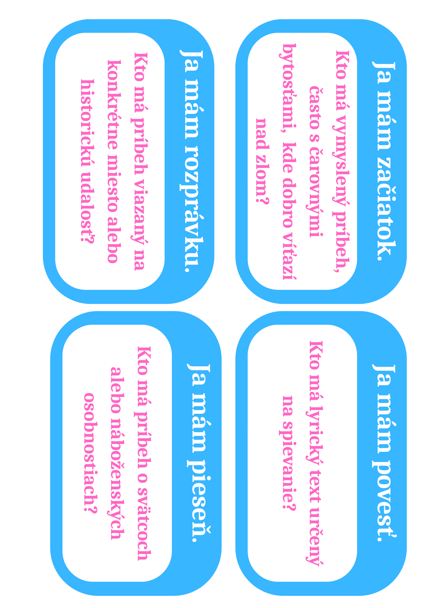 Zahrnuté pojmy: začiatok - rozprávka - povesť - pieseň - legenda - román - anekdota - komédia - bájka - báj - komiks - báseň - poviedka - modlitba - tragédia - balada - aforizmus - rozhlasová hra - hádanka
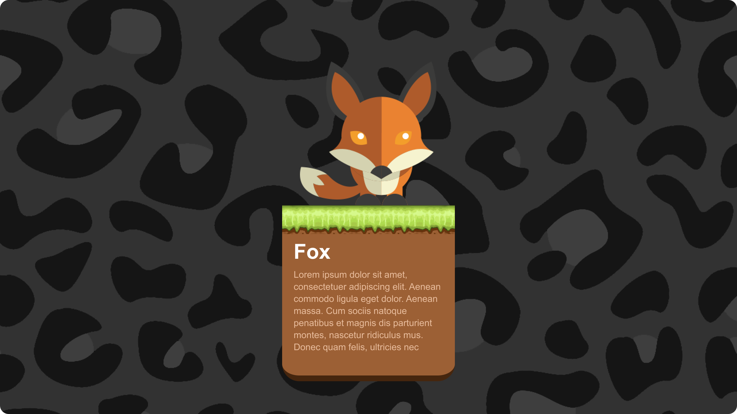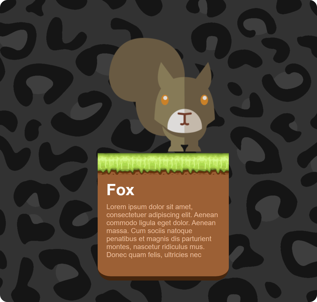 body, h2, div, p { margin: unset; } h2, p { font-family: Arial; } body { background-image: url(./images/bg.png); background-size: cover; background-repeat: no-repeat; } .wrap { width: 300px; margin: 50px auto; /* background-color: aquamarine; */ } .animals { width: 300px; height: 300px; background-image: url(./images/animal02.png), url(./images/animal03.png), url(./images/animal01.png), url(./images/animal04.png),url(./images/animal05.png), url(./images/animal06.png), url(./images/animal07.png), url(./images/animal08.png),url(./images/animal09.png); background-size: 150px 150px; background-repeat: no-repeat; background-position:75px 150px, 0px 150px, 150px 150px, 75px 95px, 0px 95px, 150px 95px, 65px 0px, 0px 0px, 150px 0px; } .main { background-color: #9C6035; border-radius: 0px 0px 30px 30px; border-bottom: 10px solid #46260E; } .desc { padding: 10px 20px; /* background-color: blue; */ } .desc > h2 { font-size: 28px; font-weight: 700; color: white; } .desc > p { font-size: 16px; font-weight: 400; color: #E8BC9C; padding-top: 10px; padding-bottom: 30px; }Github 링크
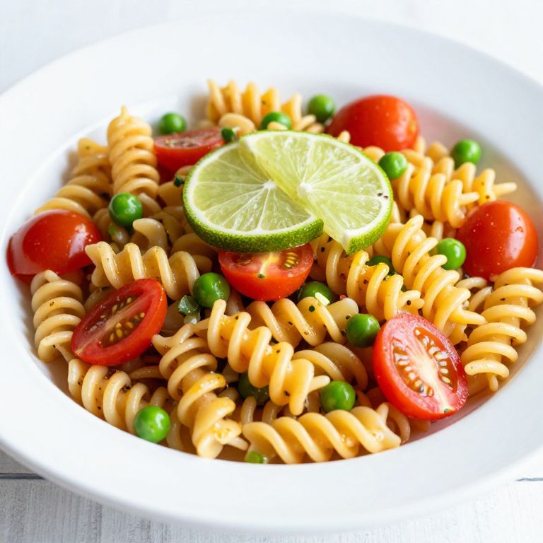 Vibrant Mexican Pasta Salad featuring spiral-shaped pasta mixed with halved cherry tomatoes, green peas, and lime slices garnished on top, served in a pristine white bowl.
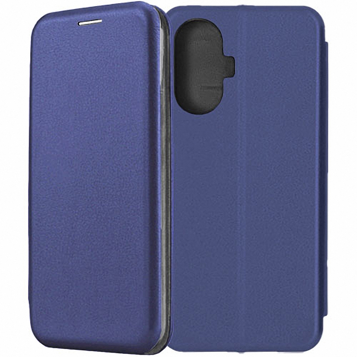 Чехол-книжка Fashion Case синего цвета для смартфона Realme C55 с твердой магнитной 3D обложкой и силиконовой прозрачной вставкой внутри легко трансформируется в удобную подставку, имеет отделение для карт.
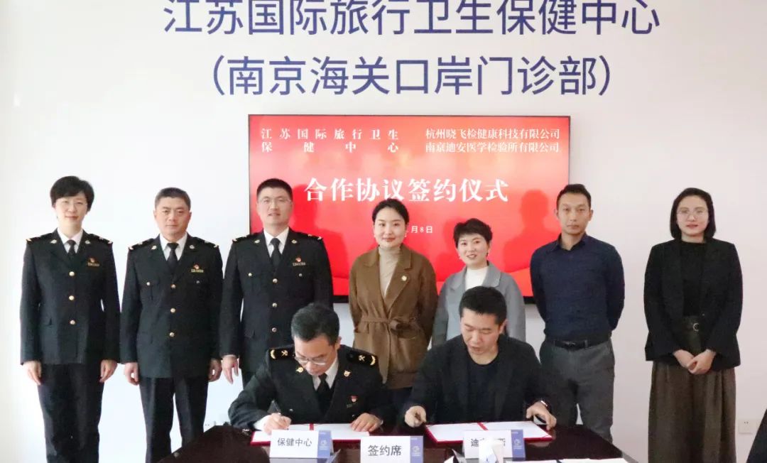 1月8日,迪安诊断旗下晓飞检、南京迪安与江苏国际旅行卫生保健中心(南京海关口岸门诊部)正式签署合作协议,双方将在医学诊断和健康管理领域展开深度合作。这是迪安诊断在江苏省启动的首个“体检共建”项目,标志着传统合作模式的深化与创新,是推动健康管理事业发展的重要一步。
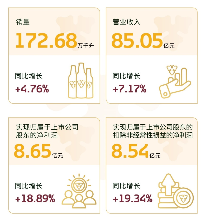8月16日,重庆啤酒发布的2023年半年报显示,2023年上半年,重庆啤酒实现啤酒销量172.68万千升,比上年同期增长4.76%;实现营业收入85.05亿元,比上年同期增长7.17%;实现归属于上市公司股东的净利润8.65亿元,比上年同期增长18.89%;实现归属于上市公司股东的扣除非经常性损益的净利润8.54亿元,比上年同期增长19.34%。
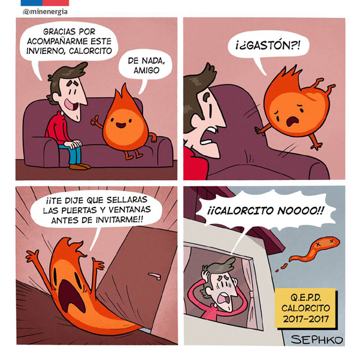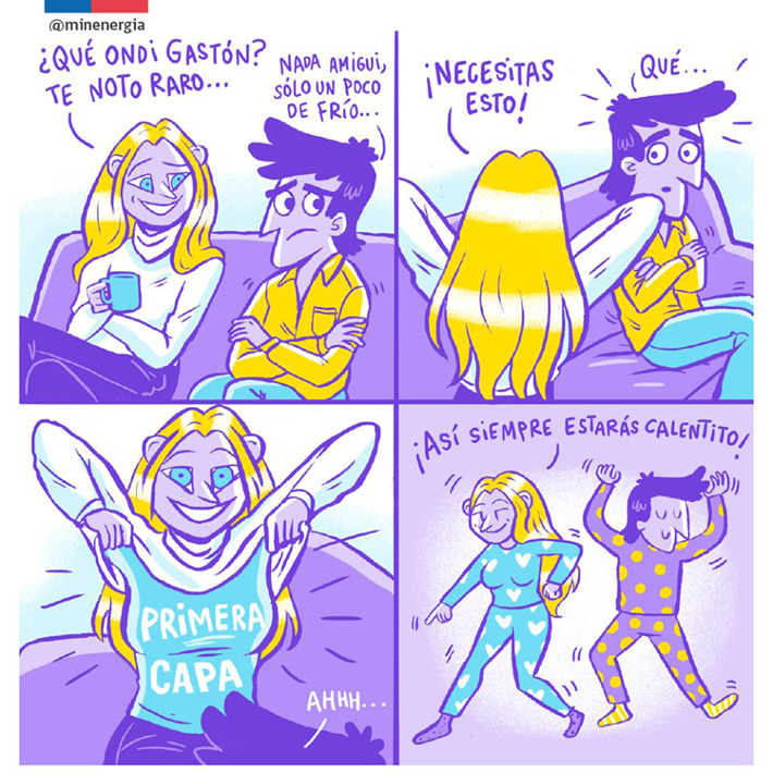 Por esta razón, el Ministerio de Energía lanzó la iniciativa "Invierno Calentito", en la que reunió a 10 reconocidos ilustradores chilenos para entregar de forma lúdica algunas recomendaciones para enfrentar el frío sin incurrir en una gran inversión.

----------

Although pictures appear among the records above, write out exactly only the lines from the one that has "Vibrant Mexican Pasta" through the one that has "1月8日,迪安诊断旗下晓飞检", and leave the pictures out.

 Vibrant Mexican Pasta Salad featuring spiral-shaped pasta mixed with halved cherry tomatoes, green peas, and lime slices garnished on top, served in a pristine white bowl.
 Чехол-книжка Fashion Case синего цвета для смартфона Realme C55 с твердой магнитной 3D обложкой и силиконовой прозрачной вставкой внутри легко трансформируется в удобную подставку, имеет отделение для карт.
 1月8日,迪安诊断旗下晓飞检、南京迪安与江苏国际旅行卫生保健中心(南京海关口岸门诊部)正式签署合作协议,双方将在医学诊断和健康管理领域展开深度合作。这是迪安诊断在江苏省启动的首个“体检共建”项目,标志着传统合作模式的深化与创新,是推动健康管理事业发展的重要一步。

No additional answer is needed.